We live in a world with endless inventions that were unthinkable just a few decades ago. From the TV to the telephone, the light bulb to the car, modern conveniences are firmly entrenched into our day-to-day lives.
The stories behind some of these ground-breaking inventions can be traced through the associated patent applications. Here are six of the most fascinating backgrounds behind inventions we use every day.
The light bulb
The patent for the light bulb went to Thomas Edison on 27 January 1880. It covered every element contained within his incandescent lamp and is the patent behind the domestic lightbulb.
Edison’s lack of formal education didn’t slow his innovative drive, and he became one of the most prolific inventors ever. His research laboratories in New Jersey created 1,093 patented inventions and innovations, ranging from the phonograph to the moving picture camera.
Although scientists had been trying to come up with a practical light bulb for domestic use for decades, it wasn’t until 1878 that Edison managed it. His researchers ploughed through thousands of versions to finally emerge with the invention that lit up our lives.
The television system
The first television system that captured moving images using a stream of electrons was invented by 21-year-old Philo T Farnsworth in 1927. He began developing the system while still in high school, and by 1934 his electronic television system had made mechanical version obsolete.
The colour television
In 1925, Russian inventor Vladimir K Zworykin filed a patent disclosure for an electronic colour TV system. However, this never became a reality, and it wasn’t until the latter half of the 1940s that the first colour TV system was invented. Researchers at RCA Labs eventually developed the colour TV, and the complex timeline of information can be found here.
Perhaps the most impactful patent in history was granted to Alexander Graham Bell in March 1876. Patent #174,465 was for the telephone, an invention that forever changed the world we live in.
While today it’s an established fact that Bell invented the phone, his journey to ownership of this title as complex. On 7 March 1876, Bell filed his patent application just a few hours before a rival inventor Elisha Gray filed his, also for a telephone. It’s unclear what happened on that day, but critics of Bell insist that he somehow altered his patent after Gray filed his.
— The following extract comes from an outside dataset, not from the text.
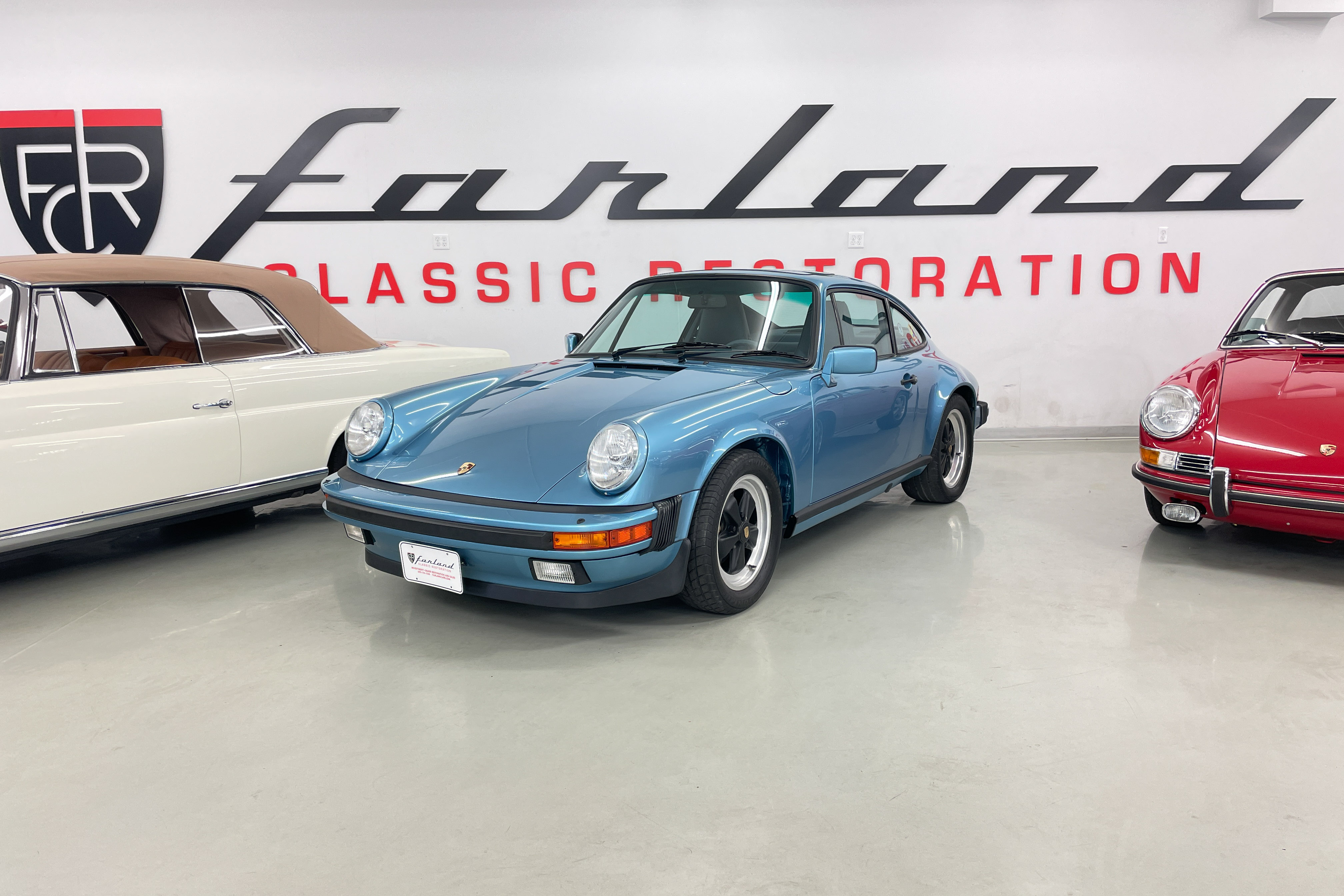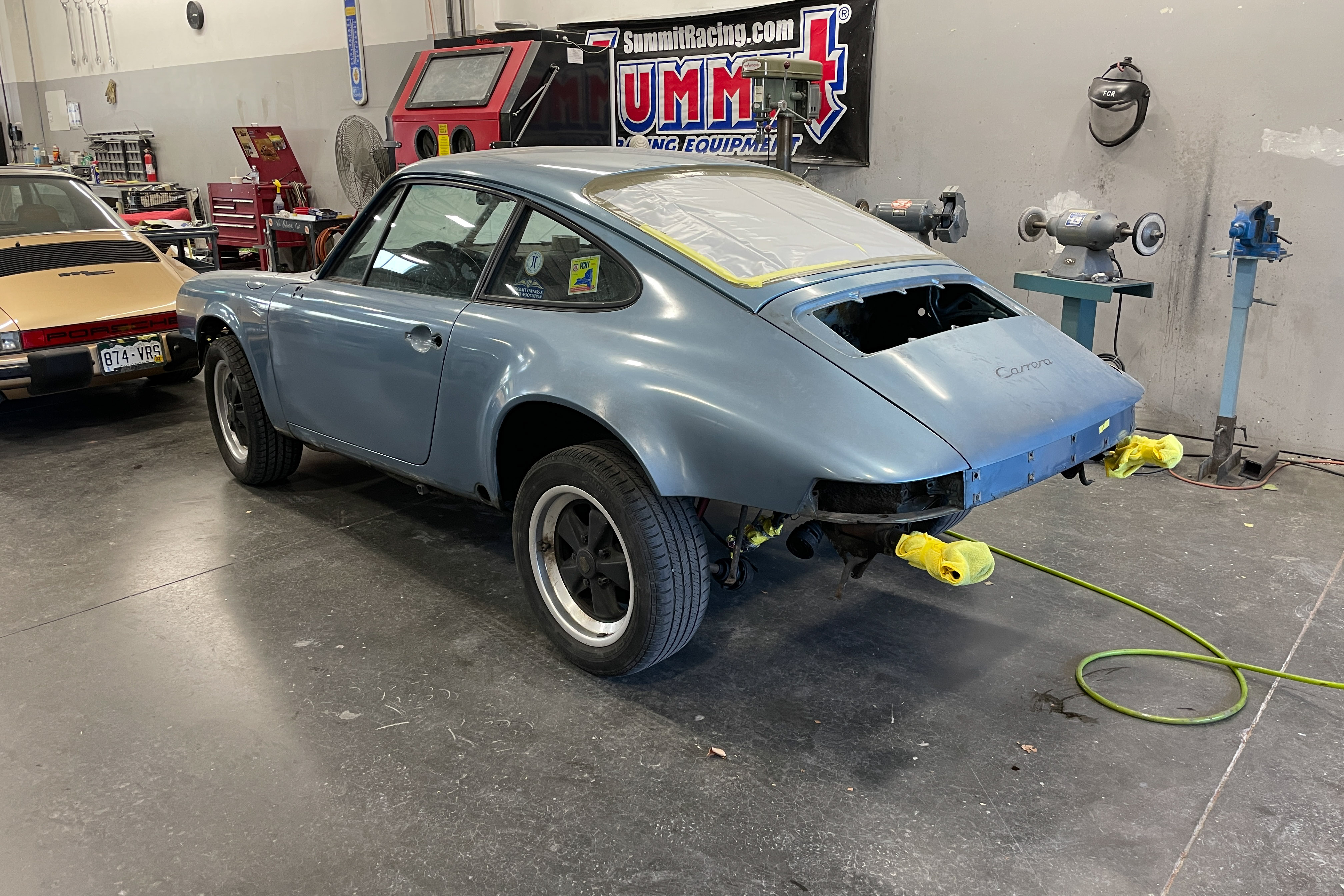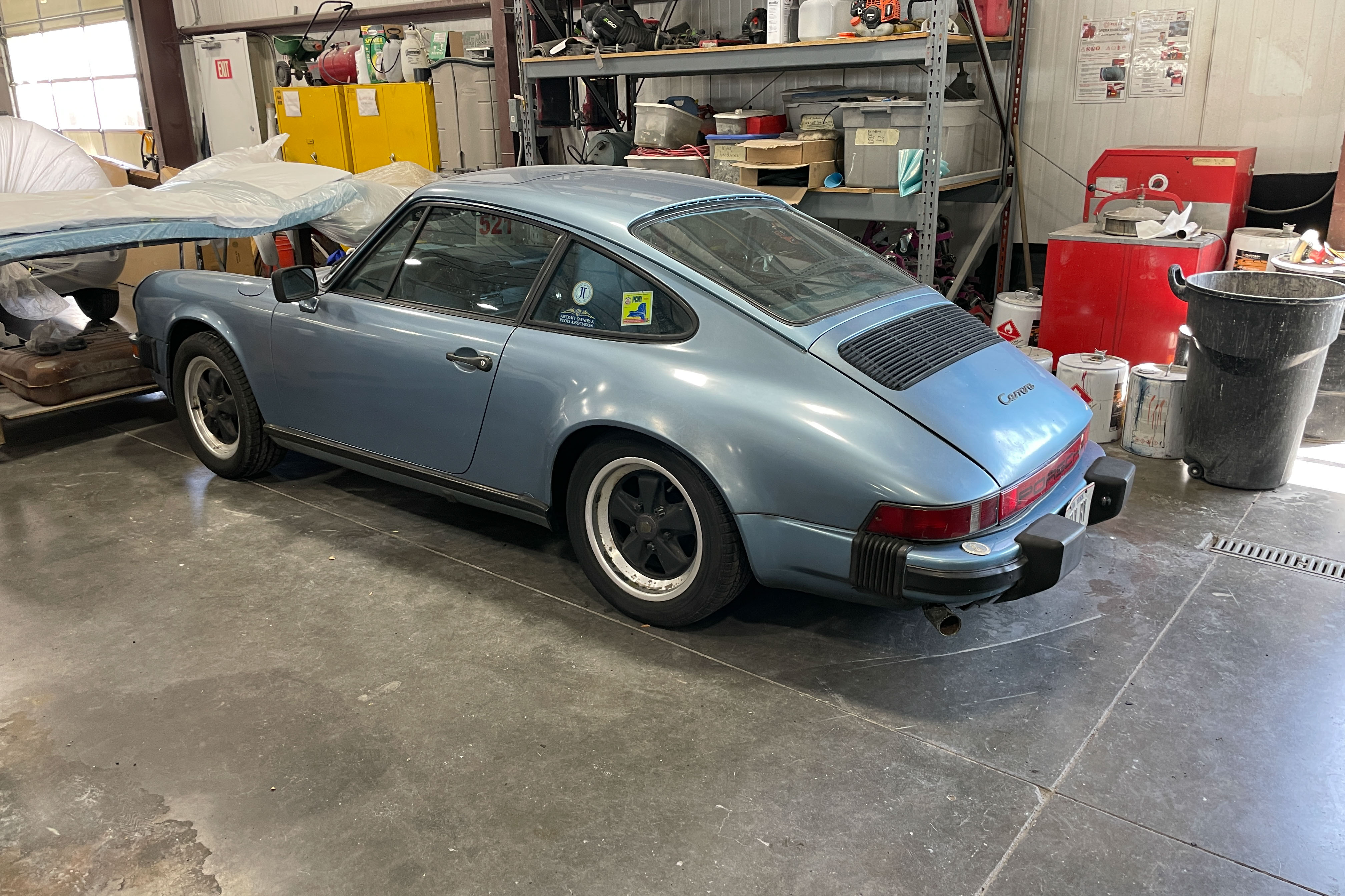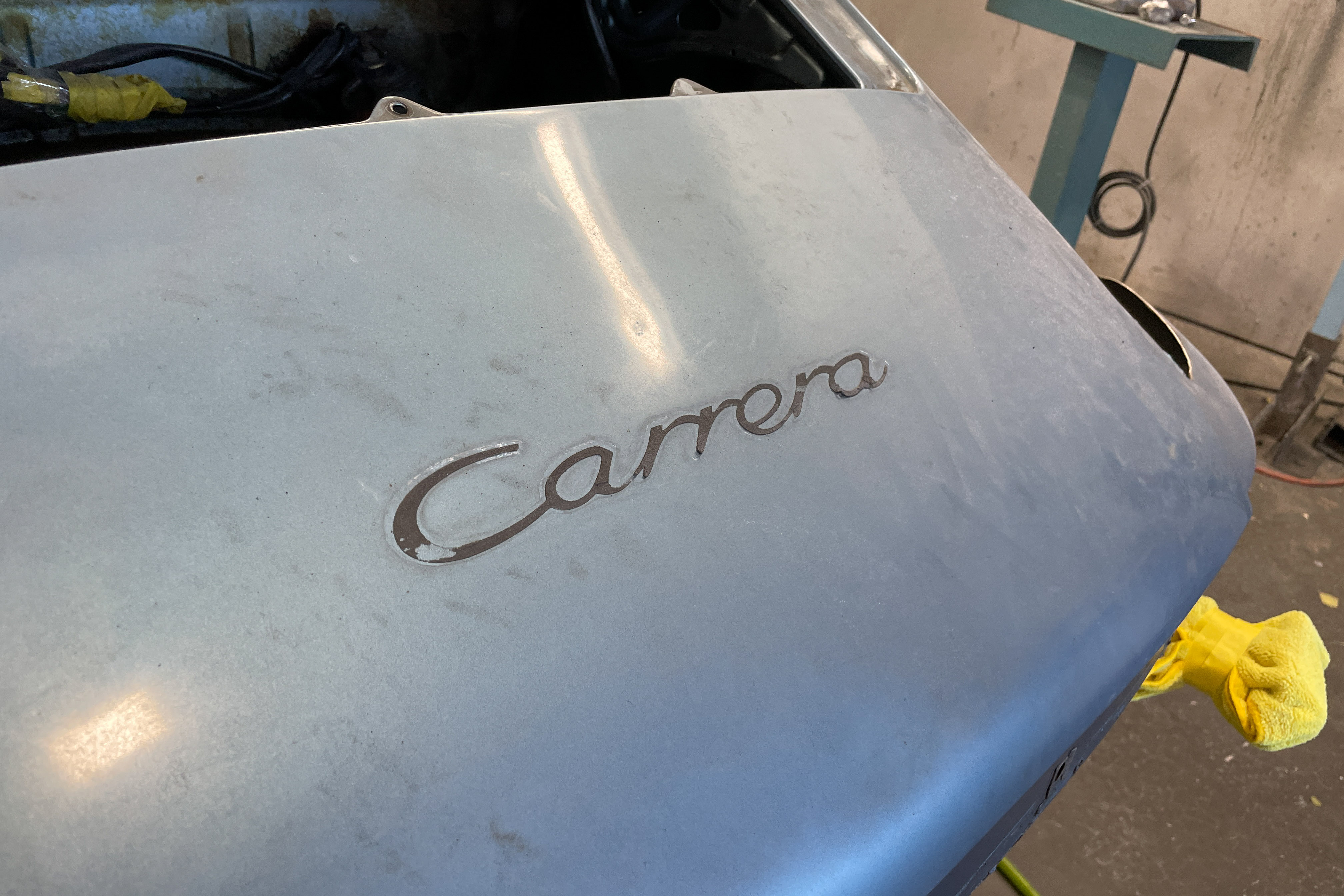 This is a car we are restoring before electric conversion at our partners at Moment Motors. Over the past couple of years, we’ve been stepping into the classic car electric conversion game. Of course, we have our pair of classic 1966 Porsche 912’s, one for a private customer, and one we’re building in the shop as our first electric Porsche conversion. Another example is this single-family owned 1985 Porsche Carrera 3.2. While it wears the badges of a proud owner, the car was caught in a hurricane up in the northeast a few years ago.

Many hundreds of lawsuits later, the world accepted Bell’s ownership of the invention. The first of these was during the years immediately following the patent awarded to him. Bell was struggling for money and offered his patent to Western Union for $100,000. The company refused and set its sights on the telegram as the future of communication.
When it became clear they had made a massive error, Western Union simply set themselves up as a rival to Bell and made their own phones. A further 1,730 companies did the same, regardless of Bell’s patent. Following legal action, most of these companies failed and Bell ended up founding comms giant AT&T in 1885.
In January 1886, Carl Benz applied for the patent that would lead to the first motor car. US patent #37435 was for a “vehicle powered by a gas engine” and should be thought of as the birth certificate for today’s car. In July 1886, the first three-wheeled Benz Patent Motor Car was out in public.
Two years later, Carl’s wife (Bertha Benz) took her two sons on what would be the world’s first long-distance car journey. She travelled from Mannheim to Pforzheim, which is a distance of 180km. Not only was it a success on a personal level, it also showed the world the potential of motor cars.
The electronic digital computer
The Atanasoff Berry Computer (ABC) was the first electronic digital computer to be created. Built by Dr John Vincent Atanasoff and Clifford Berry, both from Iowa State University, the ABC weighed 340kg (750lbs). It looked more like a heavy office desk, rather than anything we know of today as a computer.
Despite its different appearance, the ABC included various functions that are still used today. These include a binary numerical system, electronic amps, a regenerative memory and separate memory and computing functions.
WW2 broke out before the ABC was patented, and Atanasoff and Berry focused on other matters. In the meantime, inventors Eckert and Mauchly were developing the Electronic Numerical Integrator and Computer (ENIAC). They were granted the patent for the first computer in 1964, but it was revoked in 1972 by a US District Judge who found that they had essentially taken the invention from Dr Atanasoff.